Up (or maybe it is down) the road at Manchester Bankrupt they are holding their collective breath.  Sir Alex F-Word, unlike Benetiz, is untouchable, and all the owners can hope for, is retirement.  Let him win the league this year, bribe every ref under the sun if need be, but FOR GOD’S SAKE GET HIS HAND OUT OF THE TIL.

Manchester Bankrupt is in such financial chaos now, that it cannot find a way out, and the next manager will find that – as Sir Alex F-Word walks with his reputation in tact in the press, but whom we ultimately see for what he is, the man who destroyed the club, 100 years after it moved into Very Old Trafford.

And Arsenal?  Utterly refusing to budge on the Arshavin money, it will survive.  I know that most people don’t believe that other big clubs can slip away, carefully forgetting the decline of Leeds Untidy.  But that’s how it goes, and Arsenal look unmoveable.  The finances are secure, and the choice is simple.
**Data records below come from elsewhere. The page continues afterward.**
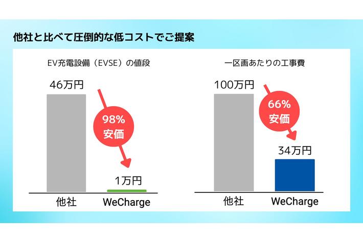 WeChargeは独自のプラットフォーム集中管理により、駐車場1区画あたりの充電設備を他社よりも約66%ほど安価に設置が可能です。そして、この度WeCharge HUBが従来の6kWから最大10kW対応したことで、より高い充電速度が求められる充電ニーズにも将来的に対応可能となります。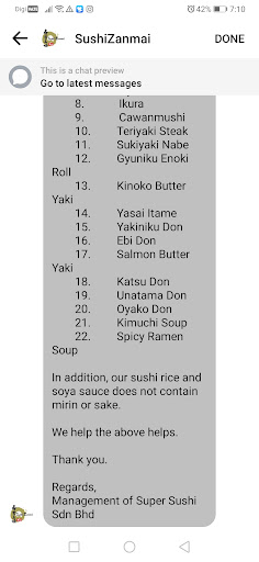 I love the sushi here. Great ambience for family and friends to eat. But need to be very careful especially to Muslim for their menu as some of the dishes contains mirin. I have asked Zanmai Management before and this is their reply on the Halal status. I hope this will helps you choosing the right menu. 😊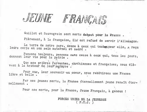 - Tract distribué à Toulouse par les Forces unies de la jeunesse à l'annonce de l'exécution de Jacques Sauvegrain et de son camarade Guyaux, qui avaient été tous deux élèves au lycée Pierre-de-Fermat de Toulouse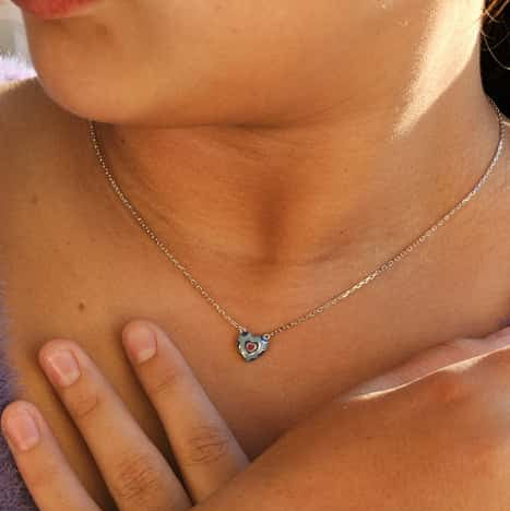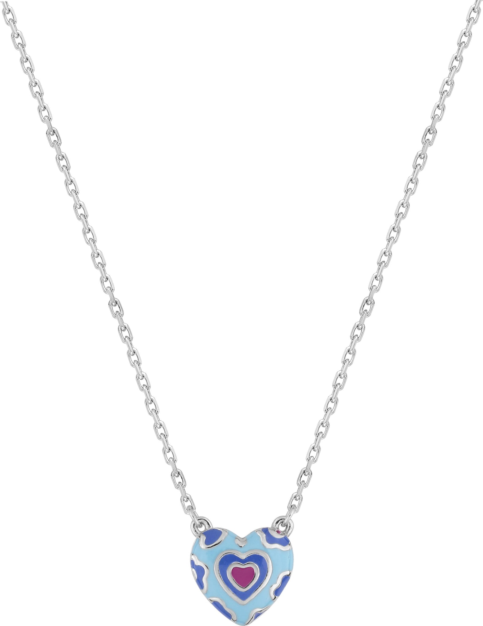 El collar Plata De Ley con colgante corazón de laca azul y rosa. 42CM largo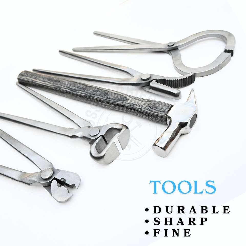 Palabras clave:Herramientas para el cuidado de pezuñas de caballo: cortador de pezuñas, martillo de herrador.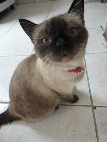 Ela tem pelagem tipo siamês, os olhos azuis e é bem gordinha(foto em anexo); usava uma coleira rosa, é dócil e mansa. Desde já, agradeço.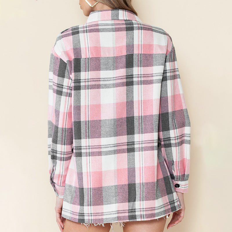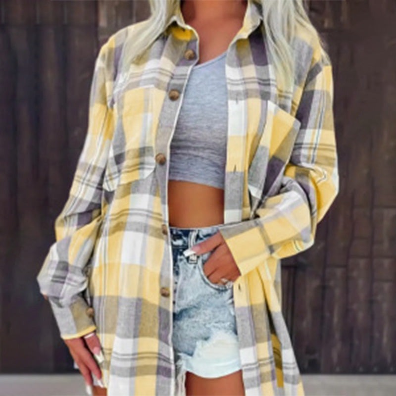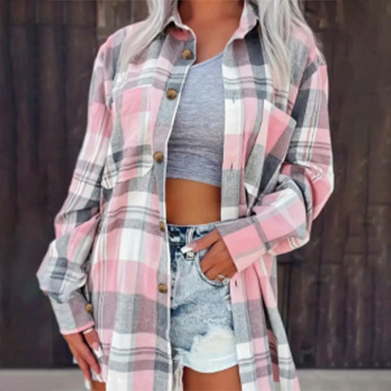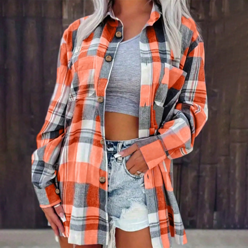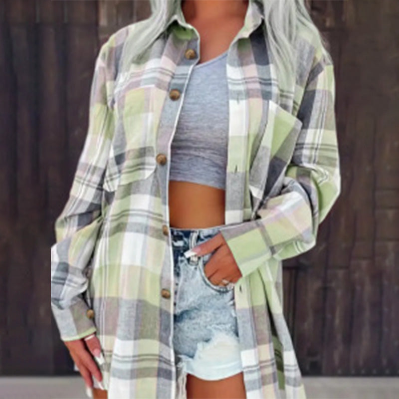 Losvallend geruit damesoverhemd met lange mouwen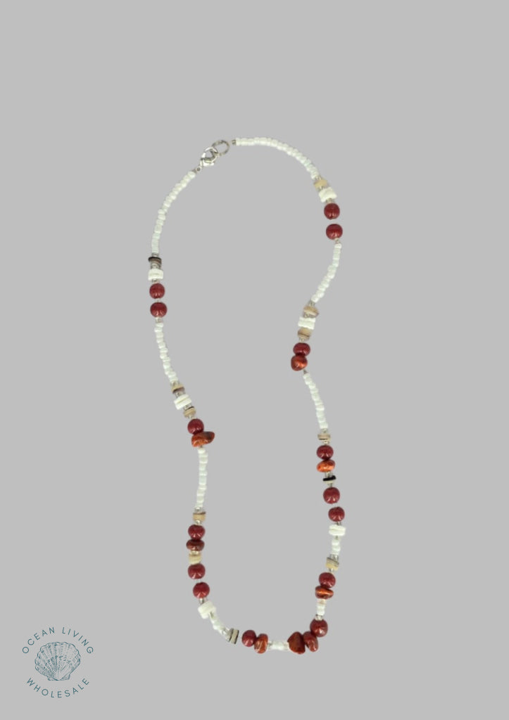 Home Shop Necklaces White Beads With Mother Of Pearl Chips And Orange Stone 18"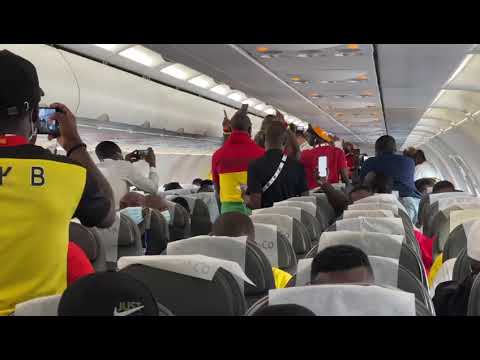 Video: Ghanaian supporters dish out HOT JAMA in a flight from Yaounde to Garoua to support Black Stars against Comoros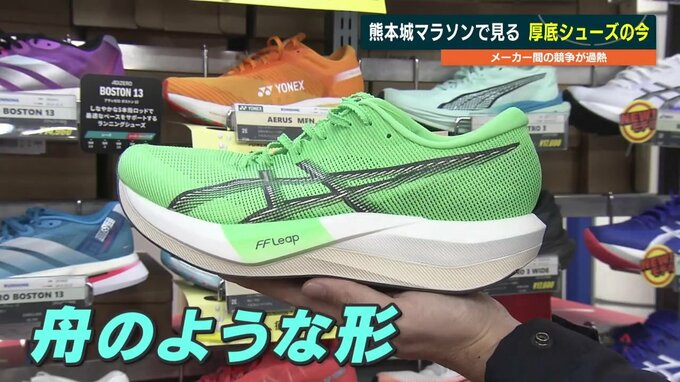 厚底シューズは、ソールにカーボンなどを用いたプレートが入るシューズで、舟のような形が特徴的です。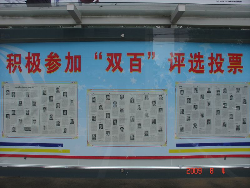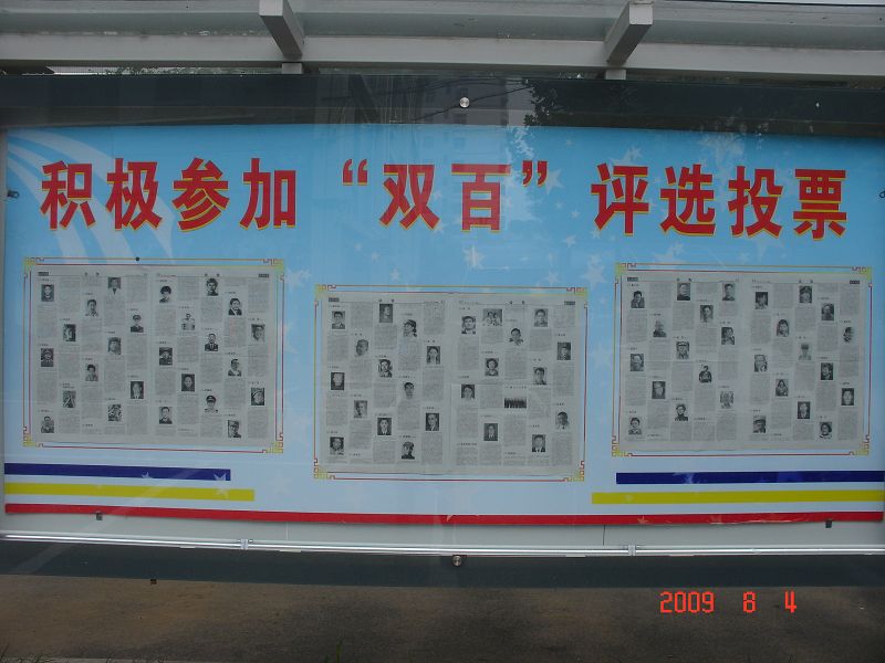 為慶祝新中國成立60周年,高揚愛國主義偉大旗幟,中宣部、中組部等11部門聯合組織開展“100位為新中國成立作出突出貢獻的英雄模范人物”和“100位新中國成立以來感動中國人物”評選活動。日前,全國“雙百”評選活動辦公室確定并公布了兩類候選人選共300名(各150名)。為了使我校廣大師生廣泛了解、積極參與“雙百”投票活動,宣傳部專門在良鄉校區和阜成路校區設置了宣傳欄,張貼候選人物名單和事跡介紹,歡迎廣大黨員干部、師生員工前往閱讀、了解,并積極參與到投票評選中來。

Shall we destroy the entire future of the club, and lead us into the wildnerness of League Two, or shall we just stay where we are for a year or so, before rising again, with no one left to challenge us?   An EPL challenge today, and bankruptcy tomorrow, or careful nurturing of funds today, and a golden future?

I want enternity for my club.   As we watch the insane slip into the darkness illustrated by Leeds, I want my club to remain on high.

And I believe it will.

The return of Keane to a relegation laden team is a sign of the disaster at Liverpool.   Forget for a second that Keane is a Tiny Tott, the reality is that he is a bloody good player, and Liverpool could do with him.   But Keane is the iceberg hitting the Titanic.   As the club goes down, Benitez will probably get a lifeboat all to himself.  After all would you like to sit in a boat with him on the open sea while he negotiates transfer rights with a couple of polar bears?

Better not to have gone to sea at all.

(c) Tony Attwood 2009

2 Replies to “The beginning of the end”

  1. It’s an alarming and embarrassing spectacle going on between Liverpool I and the spuds. Are Liverpool really that desperate that they have effectively loaned a player for 6 months for £5m plus his wages if the transfer fee back to the spuds is to be believed?

    The world of football has really gone mad!

  2. Very inciteful, not inciting, commentary. Just when will they collapse though? In my mind the other part of this is which clubs will be the new ‘big four’?